Putting the NVIDIA DGX Station to Work at Cornell

Lessons learned from putting an NVIDIA DGX Station to work on RL fine-tuning of LLMs, diffusion language modeling, and large-scale synthetic data generation.

Our ML group at Cornell University recently received early access to an NVIDIA DGX Station™. It is powered by the latest NVIDIA GB300 Grace Blackwell Ultra Desktop Superchip with 748GB of coherent memory. It brings data-center-class compute into a deskside form factor designed for an office or computing lab. We used the DGX Station remotely, and we are thrilled to get this early access!

NVIDIA DGX Station.

Through the course of February, three of us in Professor Kilian Weinberger’s group put the machine to test on very different research workloads: RL fine-tuning LLMs, diffusion language modeling, and large-scale synthetic data generation. In each case, the DGX Station accelerated our research tasks beyond what our shared university cluster could provide. In this post, we share concrete benchmarks, lessons learned, and how the machine has changed the way we iterate on ideas.

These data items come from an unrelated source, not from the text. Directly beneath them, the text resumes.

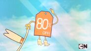 After Starfire said that she would partake in Black Friday he appeared. He is a price tag with a cowboy hat and boots. He gave the Teen Titans 99% off everything because they figured out the true meaning of Black Friday.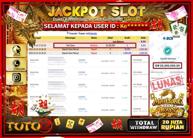 Selamat kepada Member Kami Ke****** Telah Jackpot dan berhasil mendapatkan kemenangan besar pada permainan JACKPOT SLOT GAME (MAHJONG WAYS) Dengan Kemenangan Sebesar Rp.20.300.000 –. Setelah mengisi Fomulir Withdraw dengan Kurang waktu 1-2 Menit Dana sudah kami Trasnfer kepada Pemilik Userid dan dana sudah dapat di cairkan oleh pemenang. Bukti Pembayaran yang TOTO12 berikan merupakan Bukti Pembayaran…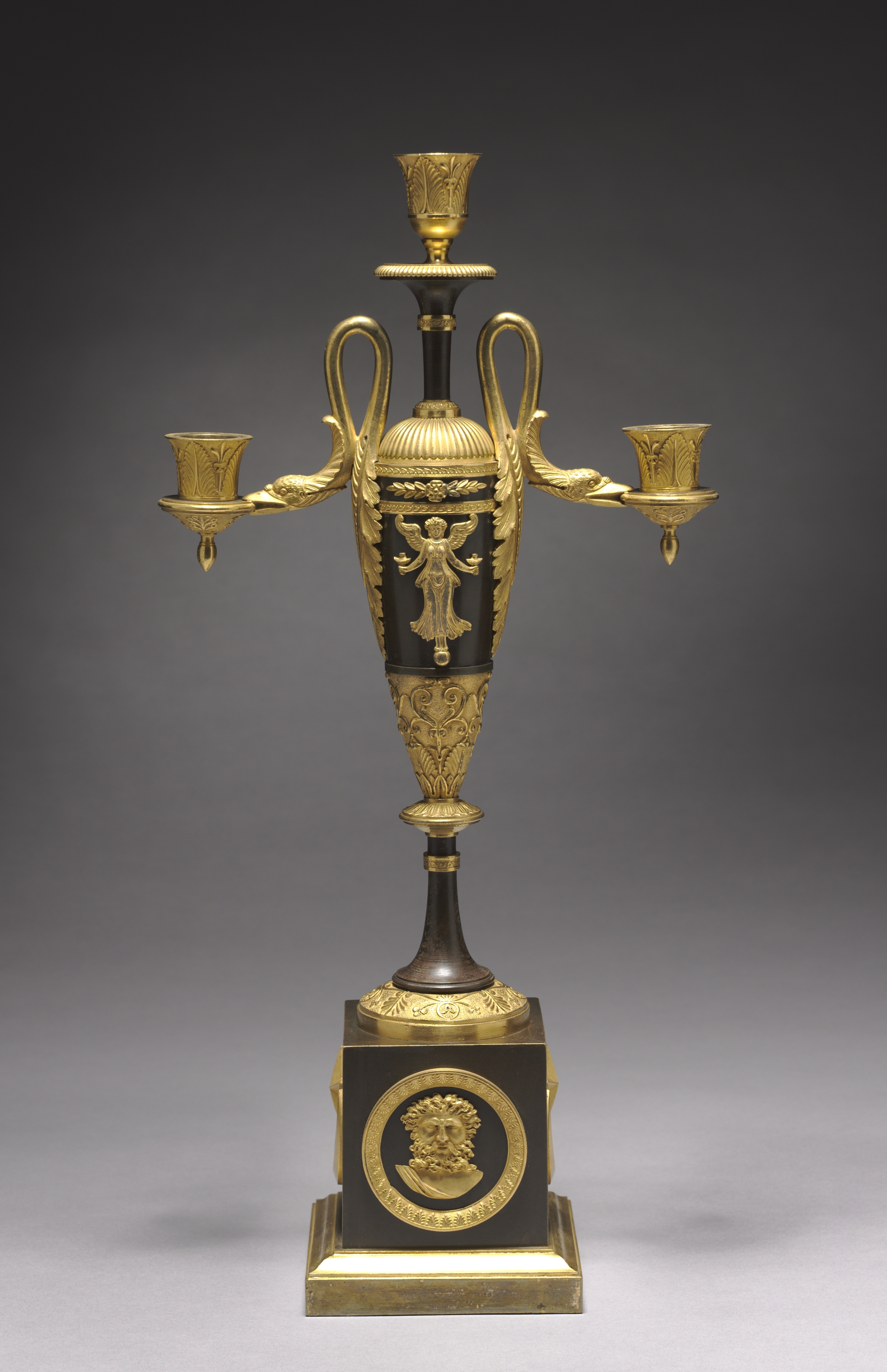 Black and gold candelabrum. Dark base square in shape with gold trim. A medallion on front featuring head of a man. Slightly tapered column rises from base, gold leaf pattern near top. Three arm-like protrusions with candle holders on end. Middle candle holder directly on top with single stem. Gold ornamentation throughout. Gold leaf designs. Gold and black color scheme. Medallion on front features a man's head. Candelabrum by artist titled "Candelabrum".
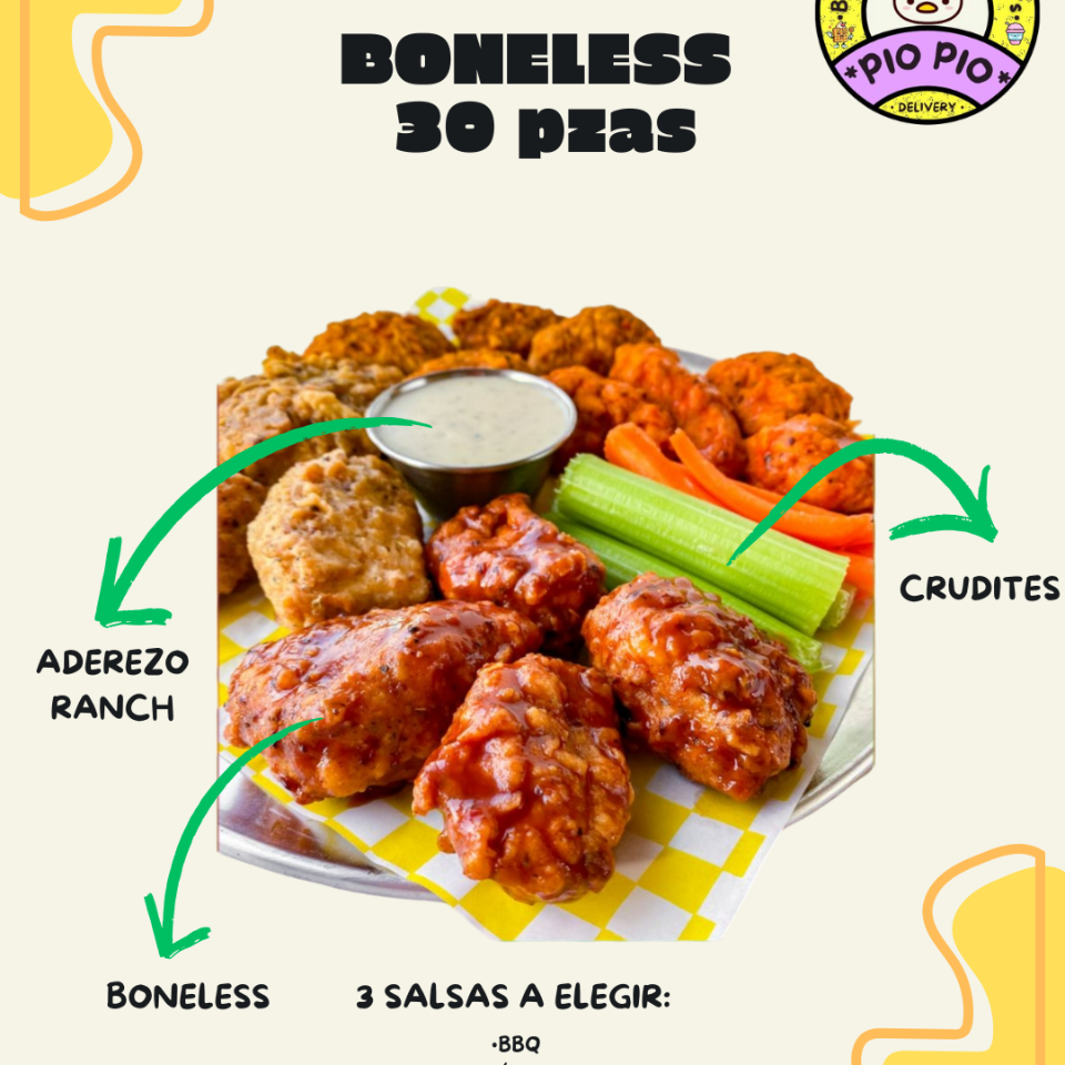 Treinta boneless bañados y crujientes con 3 de tus salsas favoritas acompañados de vegetales y aderezo ranch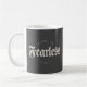 Christian Classic mugg med lätt grått Gothic-skript på svart bakgrund. Börja din dag med din favoritkuppa och kom ihåg med Gud att du är orädd och inte ensam. Bibelverse: I Gud är jag orädd 2-tid 1:7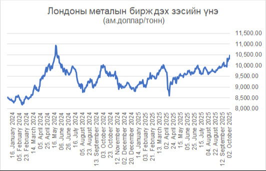 Зэсийн үнэ өнгөрсөн оны тавдугаар сараас хойших хугацаанд анх удаа 10500 ам.доллар/тонн давж, Лондоны металын бирж дээр 10480 ам.доллар/тонн-ын ханштайгаар (гурван сарын гэрээт үнэ) хаагдсан байна. Ийнхүү он гарсаар зэсийн үнэ 19%-иар өсөөд буй нь АНУ-ын төв банкны бодлогын хүүгийн бууралт болон зах зээлд уг металын нийлүүлэлт буурах нөхцөл бүрдсэнтэй холбоотойг шинжээчид тайлбарлалаа.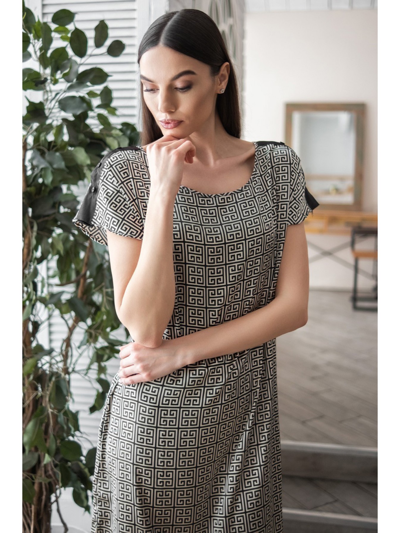 Короткая туника Mia-Amore свободно силуэта с коротким рукавом, которая выполнена из принтованного смесового шелка с однотонной отделкой. По бокам расположены карманы, по низу обработаны разрезы. Линию талии можно подчеркнуть за счет пояса, который идет в комплекте.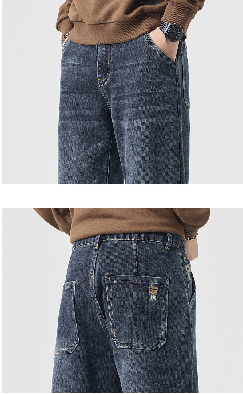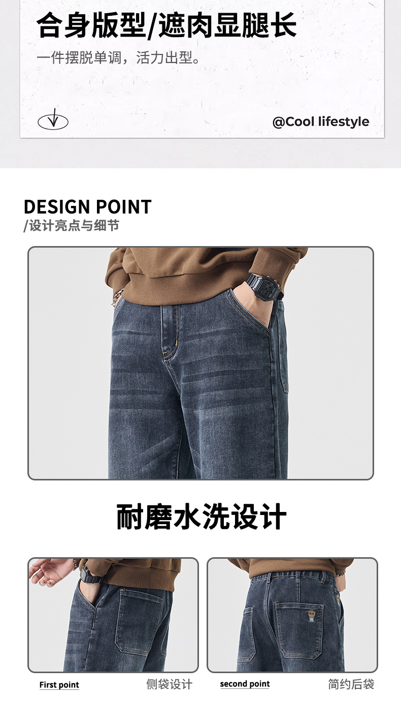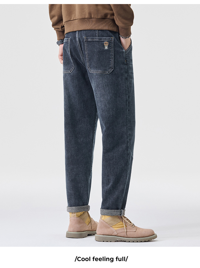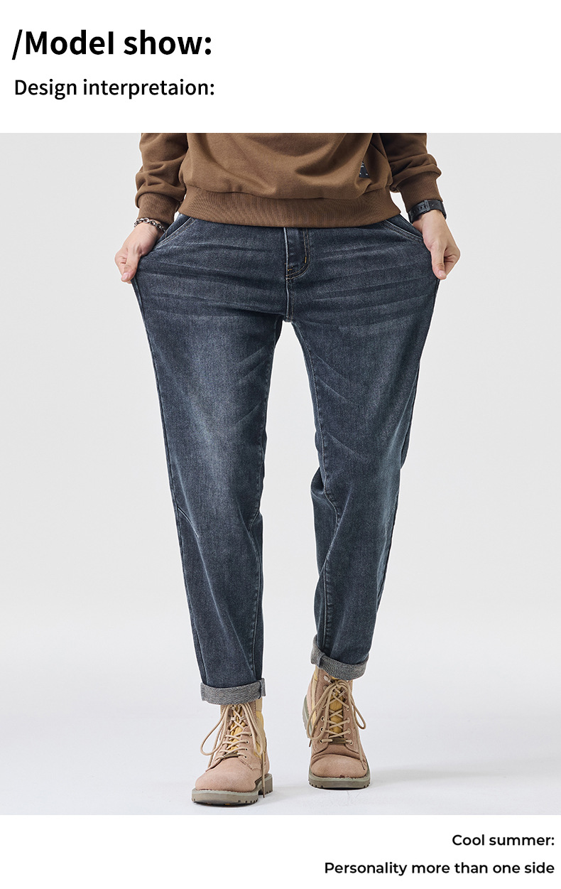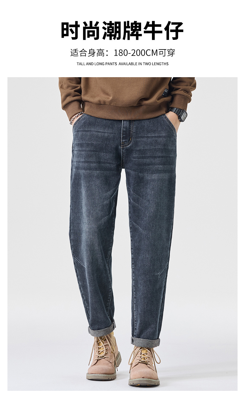 【DQ】大依优型大码男士牛仔裤300斤小脚裤秋冬新款锥形牛仔裤男宽松复古弹力小脚长裤时尚潮流耐磨水洗棉感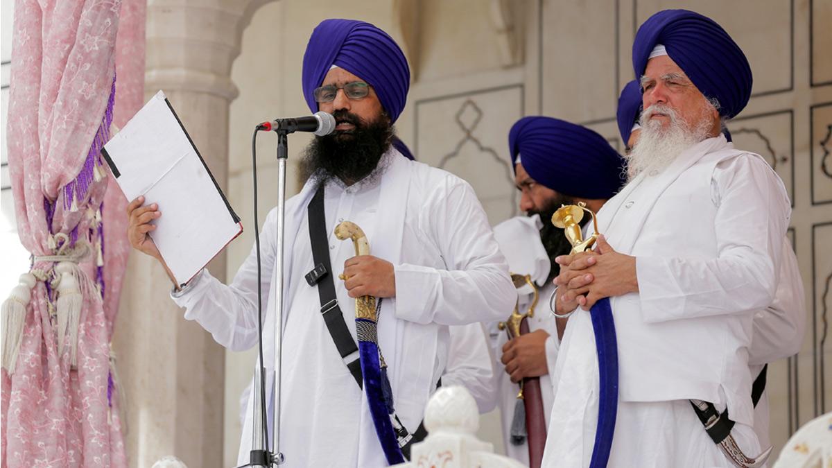 IMAGE: Akal Takht Jathedar Giani Kuldeep Singh Gharjaj announces religious punishment for Punjab Minister Harjot Singh Bains (unseen) as he appears before the Akal Takht at the Golden Temple in Amritsar. Photograph: ANI Photo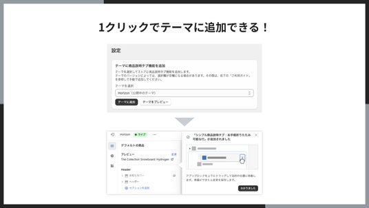 HTML や Liquid の編集は一切不要で、誰でも簡単に導入可能です。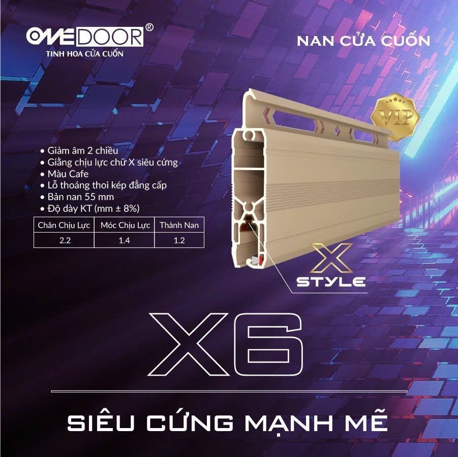 CỬA CUỐN SIÊU CỨNG ONEDOOR X6là một cuộc cách mạng về mặt thiết kế. Bản nan cửa cuốn Onedoor X6 với thiết kế cấu trúc chịu lực – X styletăng cứng và bốn chân chịu lực đảm bảo khả năng chịu lực lớn nhất với cùng một lượng nhôm, giúp bản nan đảm bảo sự vững vàng, cứng cáp như các mẫu nan chống bão, cửa công nghiệp thông thường, nhưng lại không mất đi sự nhẹ nhàng êm ái khi vận hành giúp nâng cao độ bền và tính thẩm mĩ.

Scaling RL Fine-tuning to Larger LLMs

Anmol Kabra

LLMs have made rapid progress on math and coding reasoning tasks, but underneath every kind of reasoning lies a more fundamental skill: composing knowledge across multiple pieces of evidence to reach an answer.

In our work published at ICLR 2026 , we target that fundamental skill directly. We post-trained LLMs with reinforcement learning (RL), specifically the GRPO algorithm following DeepSeek-R1. Our paper showed that LLMs can in fact be taught to compose knowledge. The paper focused on full fine-tuning of smaller LMs (<4B parameters). To push the method further, we needed to scale to 4–7B parameter models.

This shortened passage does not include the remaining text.